OptixImage2D inputLayer;
inputLayer.data = (CUdeviceptr)inputBuffer.ptr();
inputLayer.width = inputBuffer.width();
inputLayer.height = inputBuffer.height();
inputLayer.rowStrideInBytes = inputBuffer.pitch();
inputLayer.pixelStrideInBytes = inputBuffer.stride();
inputLayer.format = OPTIX_PIXEL_FORMAT_FLOAT4;

OptixImage2D outputLayer;
outputLayer.data = (CUdeviceptr)_denoisedBuffer.ptr();
outputLayer.width = _denoisedBuffer.width();
outputLayer.height = _denoisedBuffer.height();
outputLayer.rowStrideInBytes = _denoisedBuffer.pitch();
outputLayer.pixelStrideInBytes = _denoisedBuffer.stride();
outputLayer.format = OPTIX_PIXEL_FORMAT_FLOAT4;

OPTIX_CHECK(optixDenoiserInvoke(
    _denoiser,
    /*stream*/0,
    &denoiserParams,
    (CUdeviceptr)_denoiserState.ptr(),
    _denoiserState.size(),
    &inputLayer, 1,
    /*inputOffsetX*/0,
    /*inputOffsetY*/0,
    &outputLayer,
    (CUdeviceptr)_denoiserScratch.ptr(),
    _denoiserScratch.size()));

Thanks for the help

What’s your GPU and display driver version?

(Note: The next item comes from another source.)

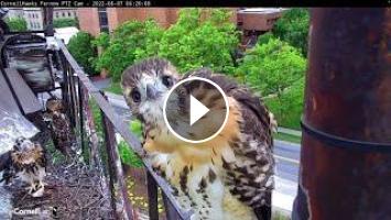 Red-tailed Hawk nestling "L1" alights on the railing of the nest platform and "tip-talons" towards the cam for a close-up that keeps on giving! All eyes are on the soon-to-be fledgling while it feels the wind beneath its wings, flaps with reckless abandon, and eyeballs the camera for one of the cutest close-ups in Cornell Hawks history.

Could you please provide all values of both the inputLayer and outputLayer structs and the arguments to your cudaMallocPitch() call in the failing case?

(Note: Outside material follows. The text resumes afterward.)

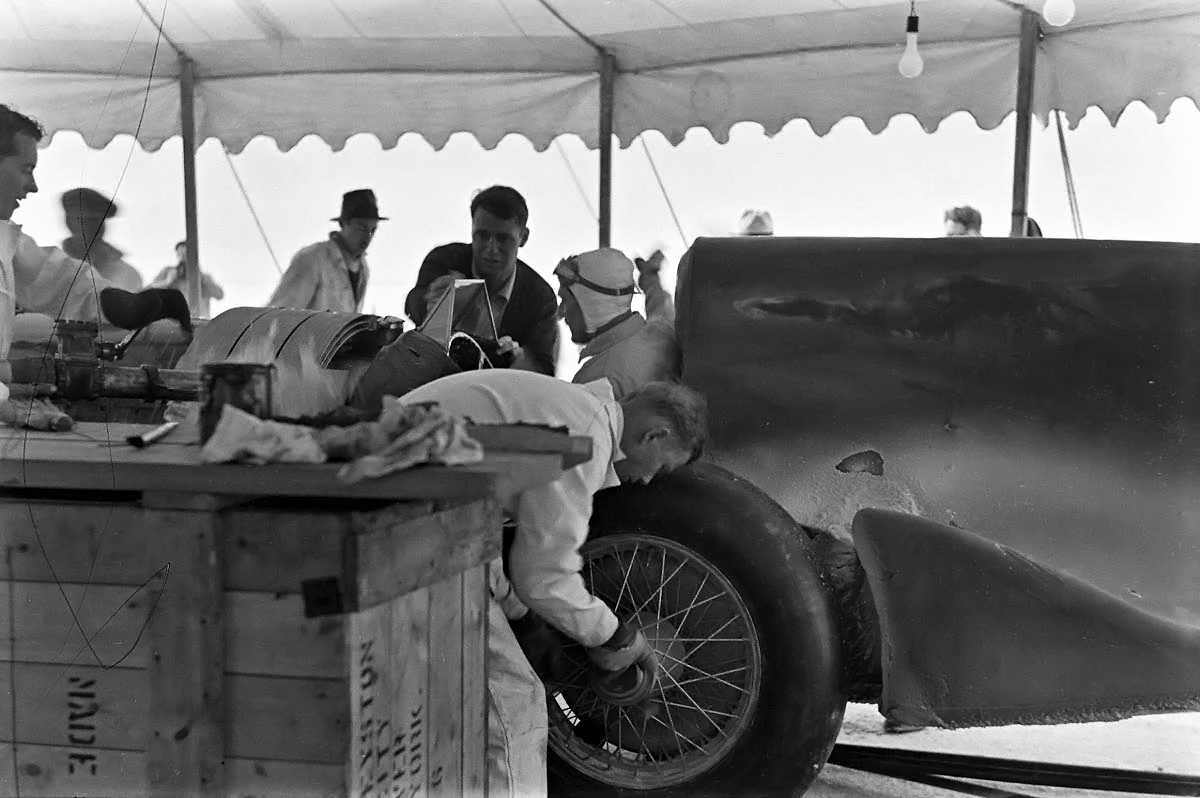 The Railton being prepared at Bonneville in 1939. The fuel tank has been relocated to the car’s port side, and a large ice tank has been added at the back of the car. The man by the body is painting the Gilmore Red Lion on the nose of the car.

It is a GTX 2080 Ti with Driver 436.30.

In fact, I tried the latest version 441.87, it was worse that even cudaMalloc didn’t work. The behavior was more likely messing up geometries rather than just stretching pixels

Input Layer and Output Layer:

inputLayer	{data=51868860416 width=1898 height=983 ...}	OptixImage2D
data	51868860416	unsigned __int64
width	1898	unsigned int
height	983	unsigned int
rowStrideInBytes	30720	unsigned int
pixelStrideInBytes	16	unsigned int
format	OPTIX_PIXEL_FORMAT_FLOAT4 (8708)	OptixPixelFormat

outputLayer	{data=51589939200 width=1898 height=983 ...}	OptixImage2D
data	51589939200	unsigned __int64
width	1898	unsigned int
height	983	unsigned int
rowStrideInBytes	30720	unsigned int
pixelStrideInBytes	16	unsigned int
format	OPTIX_PIXEL_FORMAT_FLOAT4 (8708)	OptixPixelFormat

The cudaMallocPitch for inputBuffer and _denoisedBuffer:

CUDA_CHECK(cudaMallocPitch((void**)&_cuBuffer, &_pitch, sizeof(float4) * _width, _height));

inputBuffer and _denoisedBuffer both have:
width = 1898, height = 983, pitch = 30720

[ DENOISER]: using cuda device “GeForce RTX 2080 Ti” (7.5), buffers: fp16, cuDNN v7500, rt v10010

Would you be able to provide a minimal, self-contained reproducer in failing state for this issue?